Mit kaum mehr als Nichts in der Tasche zocken und alles auf den großen Gewinn setzen? Ja das geht, wenn man beispielsweise eine Gemeinde ist und als Mitwetter eine Bank, vornehmlich die Deutsche Bank, hat.

Allerdings ist das so eine Sache, mit dem Gewinn und den reellen Chancen bei dieser Wette um steigende oder sinkende Zinsen. Bitterböse Erfahrungen mussten - so der Bund der Steuerzahler - inzwischen bereits einige Kommunen im Land machen. Anderen drohen noch erhebliche Verluste aus diesem ungleichen Wettspiel, orakelt der Bund der Steuerzahler.

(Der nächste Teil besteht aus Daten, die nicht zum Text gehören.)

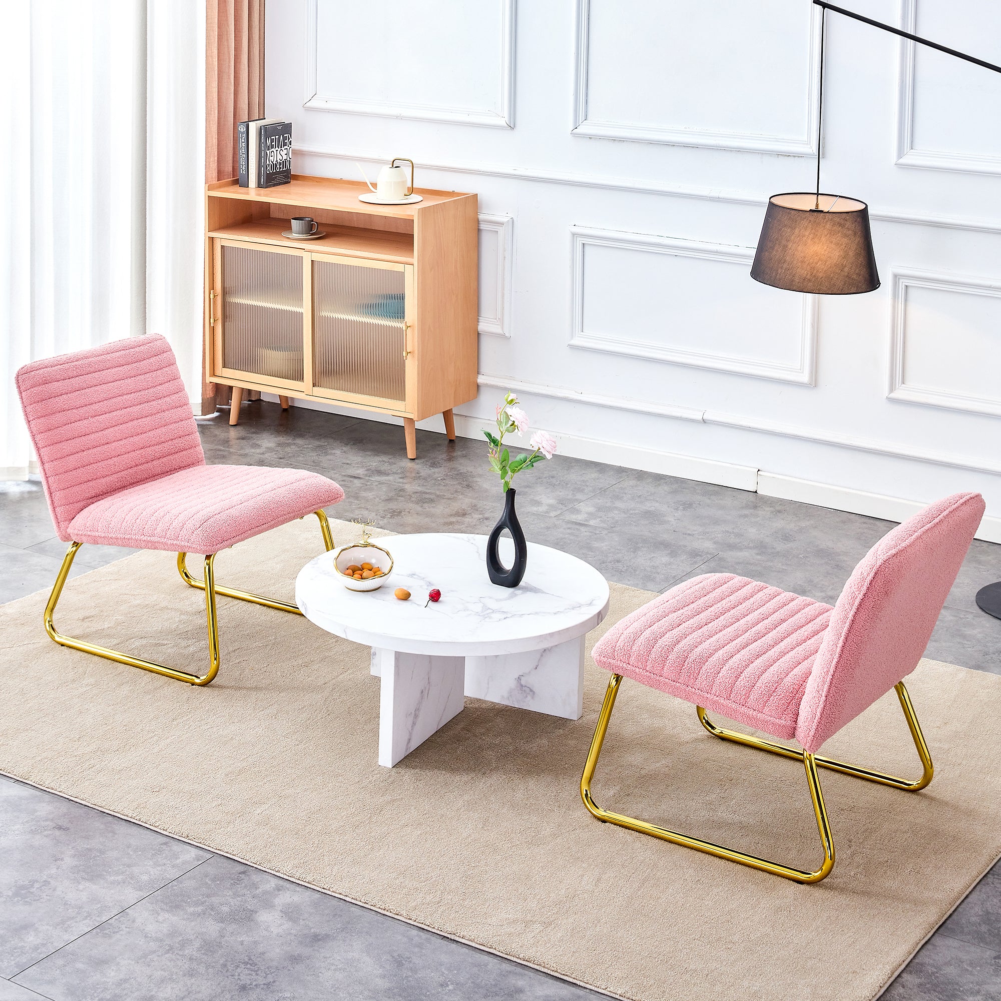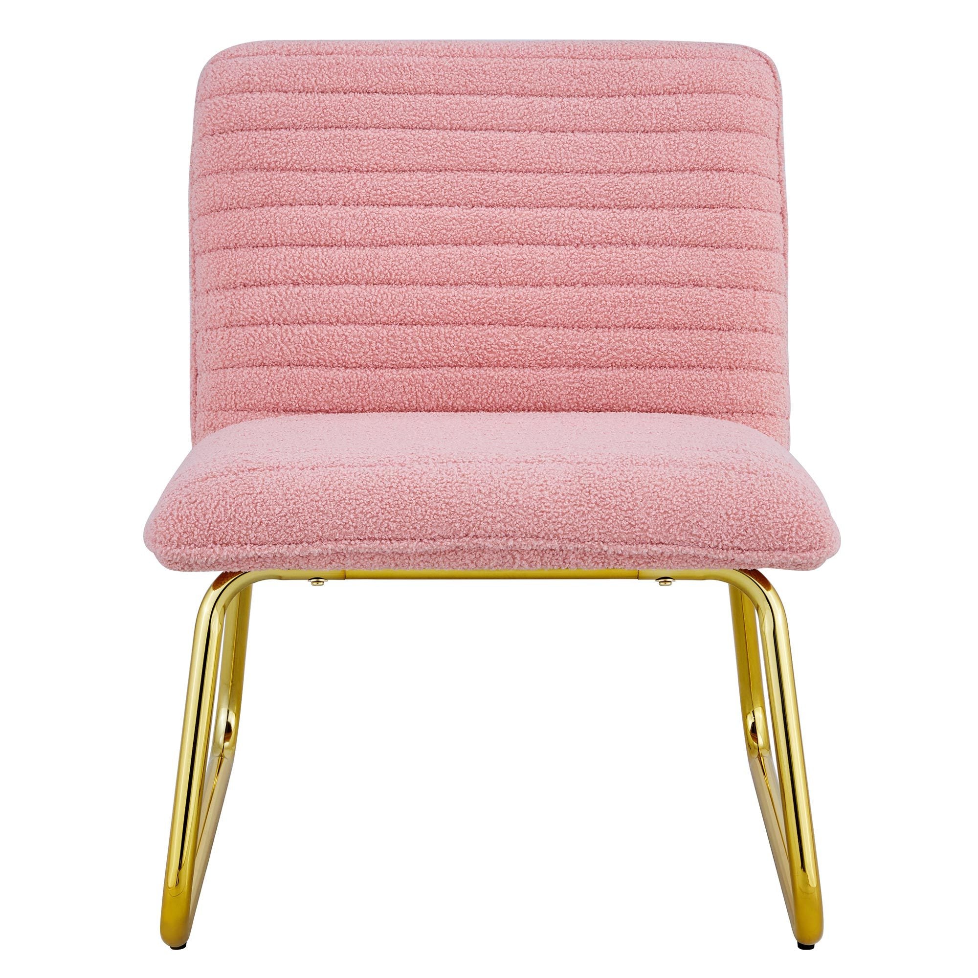 Modern minimalist pink plush fabric single person sofa chair with golden metal legs. Suitable for living room, bedroom, club, comfortable cushioned single person leisure sofa W1151121292-djyc
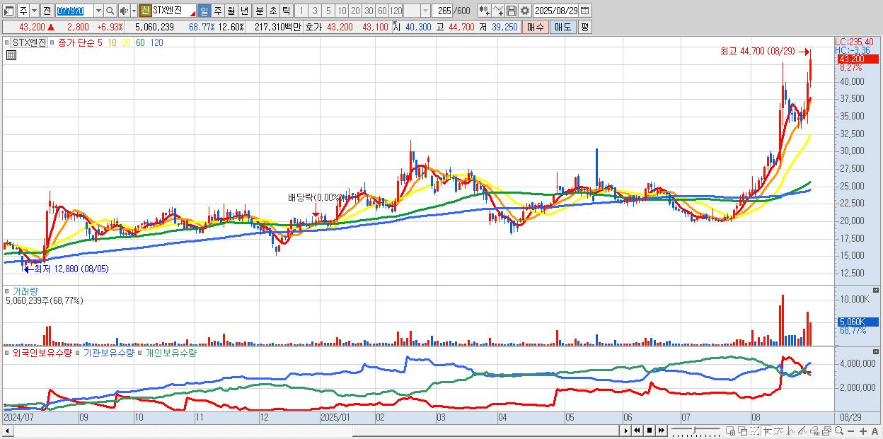 - STX엔진 (43,300원 ▲ 7.18% , 시총: 17,384억, 거래량: 2,704,685, 거래대금:1,164억, KOSPI)
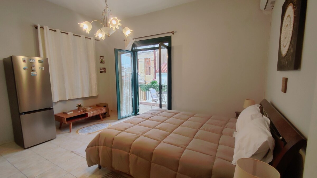 Наслаждайтесь простыми вещами в этом теплом и тихом месте для проживания в центре города Каламата. Идеальное место как для отдыха, так и для деловых поездок, со всеми практическими удобствами. Он расположен рядом с автобусной остановкой и имеет удобную парковку. Всего в минуте ходьбы находится центральная площадь Каламаты, где вы можете насладиться кофе, едой и прогулкой по многочисленным магазинам.
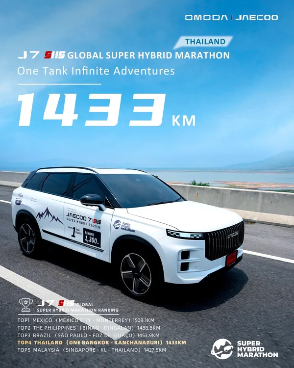 OMODA & JAECOO (อ่านว่า โอโมด้า แอนด์ เจคู่) ภายใต้บริษัท Chery Automobile ผู้นำเทคโนโลยียานยนต์ชั้นนำระดับโลก ประสบความสำเร็จในการทำสถิติอันน่าประทับใจในประเทศไทย กับ JAECOO 7 SHS ตอกย้ำความเป็น No.1 Longest Driving Range* in Thailand ด้วยการทำสถิติวิ่งไกลถึง 1,433 กิโลเมตรด้วยน้ำมันเพียงหนึ่งถังและการชาร์จแบตเตอรี่เพียงครั้งเดียว ได้รับอันดับที่ 4 ของโลก จากการแข่งขันทดสอบการทำสถิติการวิ่งระยะไกล JACOO 7 SHS Global Super Hybrid Marathon
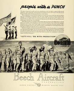 This is an original 1942 World War II black and white print ad for the Beech Aircraft Corporation of Wichita, Kansas, who are doing their part to aid in the war production efforts by enlisting men of the Volunteer Fire Department, the Employees Club and the Whiskers Club to help construct quality aircrafts for use by the U. S. military.
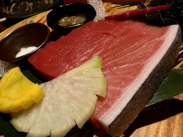 平日18:00に3名で予約して訪問。 アプローチから雰囲気ありますが、店内も屋久杉のカウンター、掘り炬燵の個室、テーブル席と守備範囲広くまた評判通りのいい雰囲気。 オーダー... 詳細を見る

Die Rede ist von den „Swaps“, die auch die Finanzlage in Gelsenkirchen aufhübschen sollten, denn hier soll es - laut Umfrage des Steuerzahlerbundes - zwischen 1999 und 2008 immerhin acht Zinsswaps gegeben haben. Und daraus will Gelsenkirchen sogar 15,6 Millionen Euro ins Stadtsäckel geschwemmt bekommen haben. Gelsenkirchen also kein Verlierer? Damals nicht, hieß es jetzt dazu aus dem Rathaus. Allerdings tätigt die Stadt nach 2008 „nur“ sogenannte Zinssicherungsgeschäfte. Hierbei wird ein variabler Zins in einer Niedrigzinsphase nach Absprache mit der Bank auf eben diesem Niedrigzins für fünf oder zehn Jahre festgeschrieben. Pech ist, wenn der Zins weiter fällt, aber Gelsenkirchen habe bislang den richtigen Riecher gehabt. Trotz der dafür anfallenden Gebühren für die Festschreibung.

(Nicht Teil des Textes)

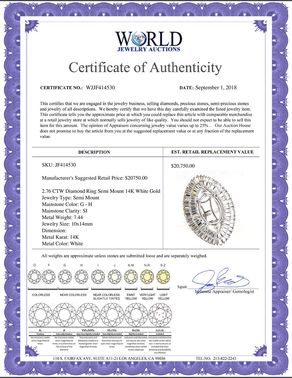 REF-274R7K - JF414530 ---- 2.76 CTW White Round Diamond & Baguette Semi Mount Ring 14K White Gold
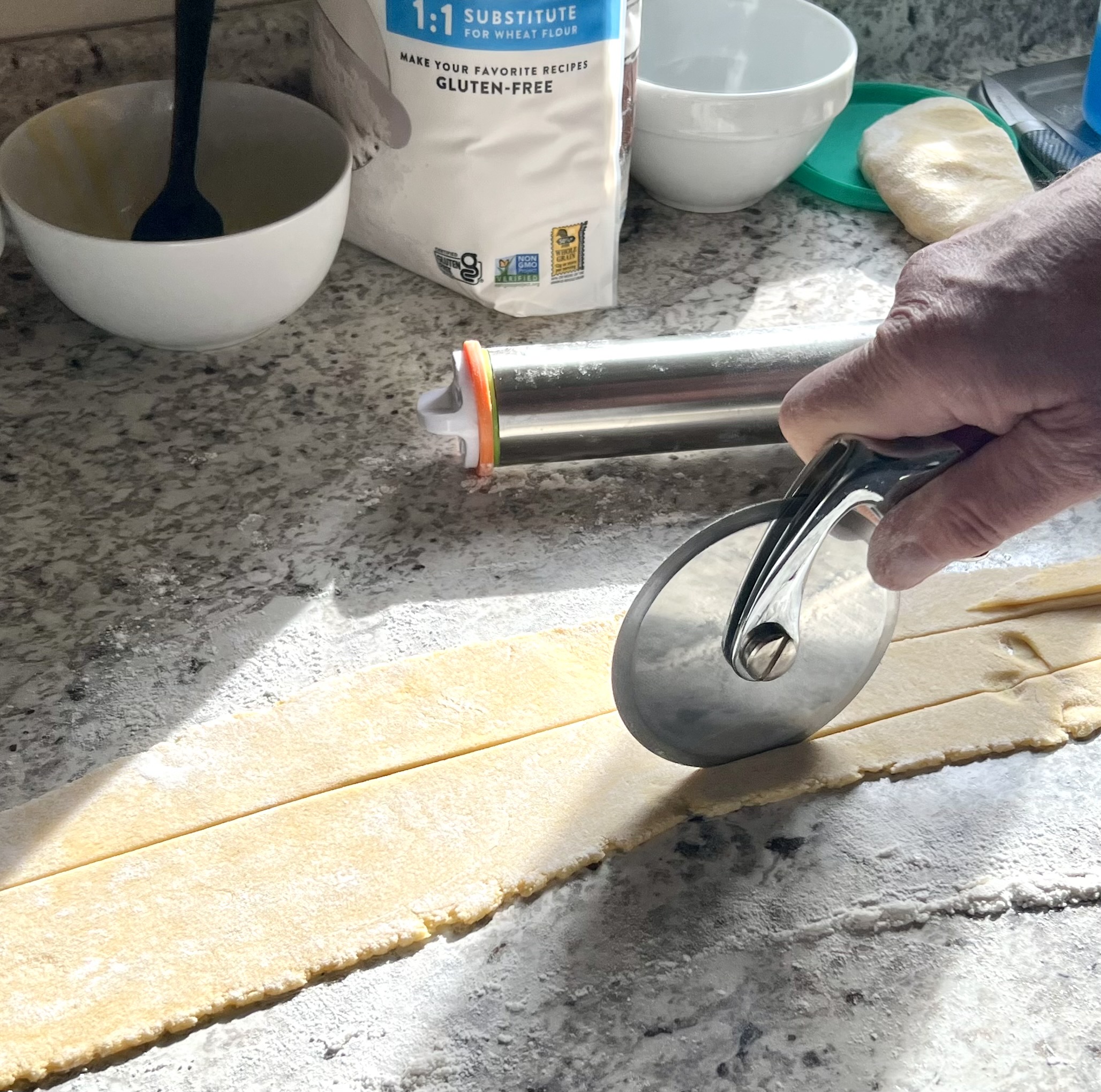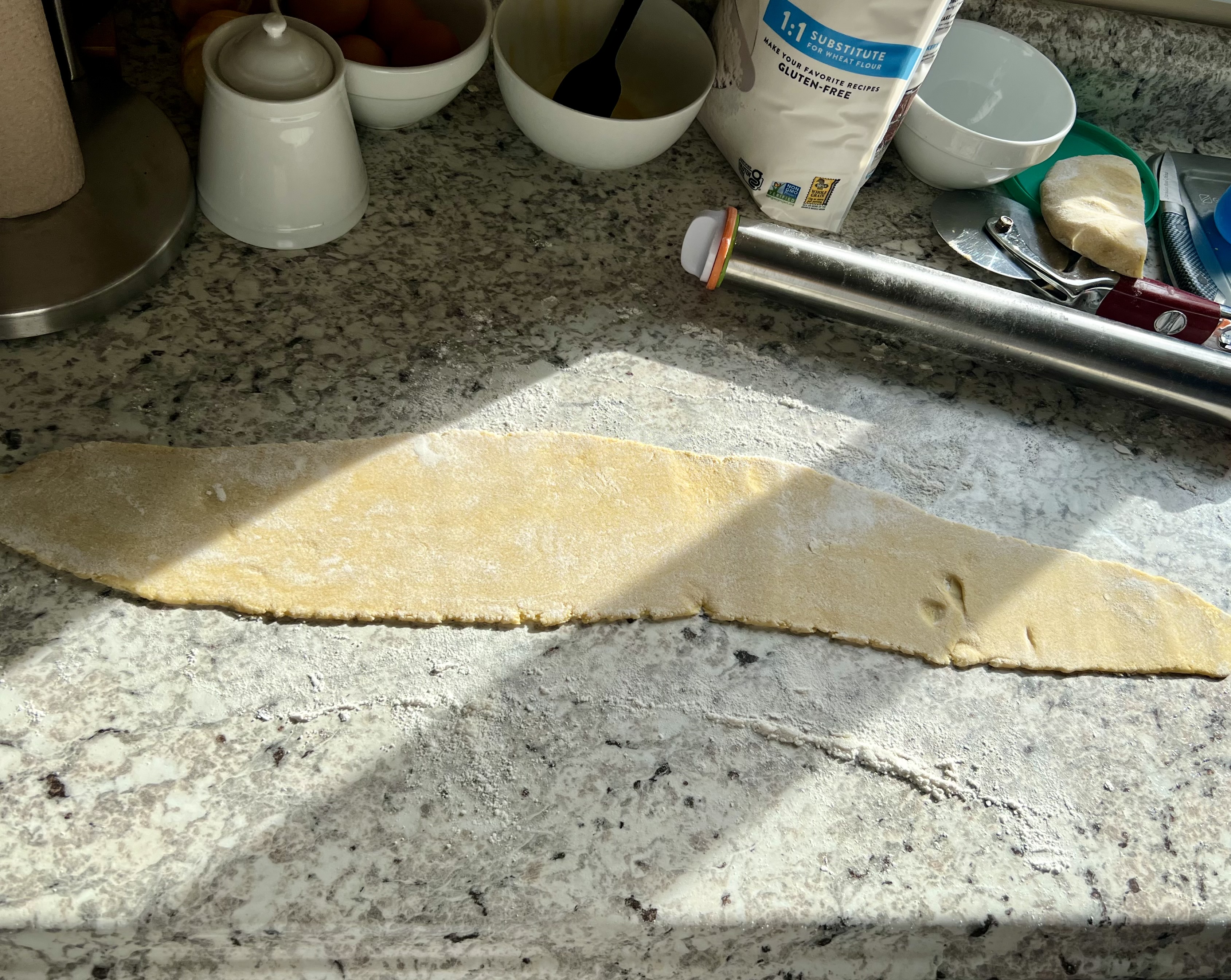 Once you’ve rolled the dough out into a sheet, cut it into 4-inch long, 1-inch wide pieces with a sharp knife or a pastry wheel. (I used a pizza cutter.) Traditionally, you make a slit in the center of each strip, and slip one end of the dough through the slit to get the desired “angel wing” form. I made a few of them that way, and then decided to leave the rest of them the way they are. (The gluten-free dough has much less elasticity than wheat dough.) Again, up to you.

Bei den Swaps dagegen - den Wettspielen mit der Bank - werden langfristige Darlehen gegen Kurzdarlehen getauscht wobei die Gemeinde natürlich auf weiterhin sinkende Zinsentwicklungen hofft. Die Bank setzt dagegen auf steigende Zinsen. Dabei verfügt sie selbstverständlich über weltweite Informationen aus dem Geldmarkt, die den Kommunen überhaupt nicht zur Verfügung stehen.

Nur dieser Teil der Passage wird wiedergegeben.